Stored dataset items
::::::::

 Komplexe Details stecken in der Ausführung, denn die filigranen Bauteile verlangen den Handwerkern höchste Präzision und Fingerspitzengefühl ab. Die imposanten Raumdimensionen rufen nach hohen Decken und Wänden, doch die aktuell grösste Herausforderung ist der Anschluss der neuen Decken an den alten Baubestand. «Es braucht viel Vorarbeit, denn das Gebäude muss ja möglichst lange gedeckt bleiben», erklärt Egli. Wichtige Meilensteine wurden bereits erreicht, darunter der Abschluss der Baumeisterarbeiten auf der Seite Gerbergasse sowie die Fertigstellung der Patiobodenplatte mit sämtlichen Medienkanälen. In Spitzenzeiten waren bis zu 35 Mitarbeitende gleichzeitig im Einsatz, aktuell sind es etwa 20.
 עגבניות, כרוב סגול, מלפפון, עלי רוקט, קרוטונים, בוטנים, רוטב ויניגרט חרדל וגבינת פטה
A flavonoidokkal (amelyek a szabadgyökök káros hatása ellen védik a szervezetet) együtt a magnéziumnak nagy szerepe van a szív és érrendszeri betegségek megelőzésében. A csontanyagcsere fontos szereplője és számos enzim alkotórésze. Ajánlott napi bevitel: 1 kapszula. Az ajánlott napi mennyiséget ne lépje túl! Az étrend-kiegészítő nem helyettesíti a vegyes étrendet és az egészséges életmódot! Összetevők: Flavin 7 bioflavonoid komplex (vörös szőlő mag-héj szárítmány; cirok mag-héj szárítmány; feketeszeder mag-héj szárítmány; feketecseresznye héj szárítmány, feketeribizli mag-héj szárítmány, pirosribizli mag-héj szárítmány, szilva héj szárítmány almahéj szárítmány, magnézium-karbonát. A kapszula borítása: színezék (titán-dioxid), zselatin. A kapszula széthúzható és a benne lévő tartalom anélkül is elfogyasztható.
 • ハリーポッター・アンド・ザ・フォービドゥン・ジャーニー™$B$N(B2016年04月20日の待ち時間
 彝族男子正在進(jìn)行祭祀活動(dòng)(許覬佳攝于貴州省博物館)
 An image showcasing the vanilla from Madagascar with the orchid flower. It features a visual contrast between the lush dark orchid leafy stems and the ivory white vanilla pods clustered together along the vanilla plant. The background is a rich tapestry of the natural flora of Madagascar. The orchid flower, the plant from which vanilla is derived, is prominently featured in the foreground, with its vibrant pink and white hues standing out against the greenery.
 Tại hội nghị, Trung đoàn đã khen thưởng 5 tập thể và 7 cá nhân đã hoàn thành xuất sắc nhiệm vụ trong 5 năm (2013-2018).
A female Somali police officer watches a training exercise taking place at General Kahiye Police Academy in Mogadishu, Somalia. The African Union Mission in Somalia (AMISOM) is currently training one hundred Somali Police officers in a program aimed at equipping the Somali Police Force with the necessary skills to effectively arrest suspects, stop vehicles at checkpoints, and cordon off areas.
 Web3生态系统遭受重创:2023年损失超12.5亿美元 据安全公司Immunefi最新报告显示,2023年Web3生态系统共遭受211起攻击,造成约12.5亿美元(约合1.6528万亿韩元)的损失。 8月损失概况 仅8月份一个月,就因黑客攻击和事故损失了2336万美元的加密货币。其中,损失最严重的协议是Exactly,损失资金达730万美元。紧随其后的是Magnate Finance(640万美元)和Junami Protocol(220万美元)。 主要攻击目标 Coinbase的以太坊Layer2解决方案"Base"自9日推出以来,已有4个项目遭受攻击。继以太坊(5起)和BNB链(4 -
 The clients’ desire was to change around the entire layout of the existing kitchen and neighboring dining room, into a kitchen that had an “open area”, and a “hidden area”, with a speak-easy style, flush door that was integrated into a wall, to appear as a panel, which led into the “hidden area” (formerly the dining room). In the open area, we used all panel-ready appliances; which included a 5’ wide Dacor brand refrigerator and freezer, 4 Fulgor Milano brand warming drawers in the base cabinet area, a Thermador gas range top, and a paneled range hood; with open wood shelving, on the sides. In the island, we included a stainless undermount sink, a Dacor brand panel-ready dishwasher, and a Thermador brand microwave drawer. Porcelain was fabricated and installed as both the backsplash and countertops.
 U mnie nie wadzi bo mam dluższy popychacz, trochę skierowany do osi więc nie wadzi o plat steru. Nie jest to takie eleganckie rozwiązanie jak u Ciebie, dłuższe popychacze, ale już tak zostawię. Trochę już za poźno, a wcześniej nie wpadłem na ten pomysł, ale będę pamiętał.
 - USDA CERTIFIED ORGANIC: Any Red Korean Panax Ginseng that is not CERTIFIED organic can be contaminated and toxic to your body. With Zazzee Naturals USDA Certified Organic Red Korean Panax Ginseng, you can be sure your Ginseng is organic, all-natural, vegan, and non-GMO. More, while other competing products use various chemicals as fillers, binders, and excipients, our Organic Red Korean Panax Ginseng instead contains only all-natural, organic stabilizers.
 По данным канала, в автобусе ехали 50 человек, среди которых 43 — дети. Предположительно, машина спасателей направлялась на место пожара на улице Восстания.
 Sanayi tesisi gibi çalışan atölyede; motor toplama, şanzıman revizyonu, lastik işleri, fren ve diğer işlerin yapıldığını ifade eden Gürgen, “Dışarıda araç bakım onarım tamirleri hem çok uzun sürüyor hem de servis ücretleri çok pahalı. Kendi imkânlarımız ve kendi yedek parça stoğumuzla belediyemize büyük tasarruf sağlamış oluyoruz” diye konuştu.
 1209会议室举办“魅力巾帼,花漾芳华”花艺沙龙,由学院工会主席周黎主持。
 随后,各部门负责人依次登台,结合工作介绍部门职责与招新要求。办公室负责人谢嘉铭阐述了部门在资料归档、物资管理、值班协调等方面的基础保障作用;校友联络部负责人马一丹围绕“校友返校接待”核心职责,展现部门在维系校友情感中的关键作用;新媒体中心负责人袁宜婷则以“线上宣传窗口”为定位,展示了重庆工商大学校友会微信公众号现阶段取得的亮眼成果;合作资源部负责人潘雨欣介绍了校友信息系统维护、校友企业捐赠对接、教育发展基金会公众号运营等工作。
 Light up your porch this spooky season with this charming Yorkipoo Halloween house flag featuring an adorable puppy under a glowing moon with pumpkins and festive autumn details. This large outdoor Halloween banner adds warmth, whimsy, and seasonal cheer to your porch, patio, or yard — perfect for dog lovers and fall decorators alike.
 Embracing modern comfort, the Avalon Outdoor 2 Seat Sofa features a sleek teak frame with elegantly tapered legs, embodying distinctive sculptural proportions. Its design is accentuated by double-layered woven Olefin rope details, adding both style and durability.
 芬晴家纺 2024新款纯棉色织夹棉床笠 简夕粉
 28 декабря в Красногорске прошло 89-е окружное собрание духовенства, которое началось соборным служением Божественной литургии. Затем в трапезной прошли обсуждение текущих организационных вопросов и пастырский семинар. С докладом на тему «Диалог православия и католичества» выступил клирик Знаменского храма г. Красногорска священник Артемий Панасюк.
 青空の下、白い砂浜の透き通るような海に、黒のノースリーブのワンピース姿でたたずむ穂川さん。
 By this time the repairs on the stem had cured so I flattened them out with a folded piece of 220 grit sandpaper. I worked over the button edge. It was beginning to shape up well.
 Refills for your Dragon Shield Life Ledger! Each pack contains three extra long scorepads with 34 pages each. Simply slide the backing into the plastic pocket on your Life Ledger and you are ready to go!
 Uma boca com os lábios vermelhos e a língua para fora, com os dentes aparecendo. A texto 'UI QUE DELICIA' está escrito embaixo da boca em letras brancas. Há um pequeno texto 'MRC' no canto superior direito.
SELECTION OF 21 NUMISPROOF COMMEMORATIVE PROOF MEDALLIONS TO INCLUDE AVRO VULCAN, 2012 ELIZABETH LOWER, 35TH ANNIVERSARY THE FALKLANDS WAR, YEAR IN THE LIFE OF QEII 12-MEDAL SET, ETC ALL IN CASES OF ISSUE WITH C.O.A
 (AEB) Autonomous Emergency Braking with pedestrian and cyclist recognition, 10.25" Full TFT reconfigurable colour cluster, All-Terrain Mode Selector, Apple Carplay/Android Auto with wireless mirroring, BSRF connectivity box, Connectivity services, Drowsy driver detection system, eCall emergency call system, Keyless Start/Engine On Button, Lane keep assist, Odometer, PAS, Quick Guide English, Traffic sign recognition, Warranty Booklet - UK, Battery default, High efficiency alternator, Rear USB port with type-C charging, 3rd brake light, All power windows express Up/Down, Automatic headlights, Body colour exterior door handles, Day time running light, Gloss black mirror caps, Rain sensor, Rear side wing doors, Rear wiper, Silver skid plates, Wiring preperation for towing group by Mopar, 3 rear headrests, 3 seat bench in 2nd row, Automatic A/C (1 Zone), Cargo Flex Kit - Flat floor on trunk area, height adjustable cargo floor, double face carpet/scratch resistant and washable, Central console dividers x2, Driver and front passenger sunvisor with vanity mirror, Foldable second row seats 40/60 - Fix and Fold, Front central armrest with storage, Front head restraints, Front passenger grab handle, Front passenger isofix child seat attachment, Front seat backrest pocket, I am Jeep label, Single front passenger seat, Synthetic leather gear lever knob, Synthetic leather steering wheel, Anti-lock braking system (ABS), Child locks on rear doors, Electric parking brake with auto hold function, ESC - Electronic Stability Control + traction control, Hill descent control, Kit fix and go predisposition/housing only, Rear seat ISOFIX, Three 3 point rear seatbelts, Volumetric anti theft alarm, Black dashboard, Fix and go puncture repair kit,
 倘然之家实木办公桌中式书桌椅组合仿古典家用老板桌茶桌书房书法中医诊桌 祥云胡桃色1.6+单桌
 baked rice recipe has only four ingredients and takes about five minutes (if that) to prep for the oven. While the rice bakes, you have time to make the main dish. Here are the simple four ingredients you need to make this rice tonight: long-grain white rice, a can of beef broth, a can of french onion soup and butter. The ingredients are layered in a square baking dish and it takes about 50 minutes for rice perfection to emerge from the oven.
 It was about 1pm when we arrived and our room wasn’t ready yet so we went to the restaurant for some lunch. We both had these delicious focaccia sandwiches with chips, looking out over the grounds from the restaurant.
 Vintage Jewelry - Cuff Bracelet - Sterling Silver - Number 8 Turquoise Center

::::::::

**TASK DESCRIPTION:** From the records above, print exactly the lines that run from the line with "Sanayi tesisi gibi" to the line with "随后,各部门负责人依次登台,结合工作介绍", inclusive.

**ANSWER TO THE EXERCISE:**
 Sanayi tesisi gibi çalışan atölyede; motor toplama, şanzıman revizyonu, lastik işleri, fren ve diğer işlerin yapıldığını ifade eden Gürgen, “Dışarıda araç bakım onarım tamirleri hem çok uzun sürüyor hem de servis ücretleri çok pahalı. Kendi imkânlarımız ve kendi yedek parça stoğumuzla belediyemize büyük tasarruf sağlamış oluyoruz” diye konuştu.
 1209会议室举办“魅力巾帼,花漾芳华”花艺沙龙,由学院工会主席周黎主持。
 随后,各部门负责人依次登台,结合工作介绍部门职责与招新要求。办公室负责人谢嘉铭阐述了部门在资料归档、物资管理、值班协调等方面的基础保障作用;校友联络部负责人马一丹围绕“校友返校接待”核心职责,展现部门在维系校友情感中的关键作用;新媒体中心负责人袁宜婷则以“线上宣传窗口”为定位,展示了重庆工商大学校友会微信公众号现阶段取得的亮眼成果;合作资源部负责人潘雨欣介绍了校友信息系统维护、校友企业捐赠对接、教育发展基金会公众号运营等工作。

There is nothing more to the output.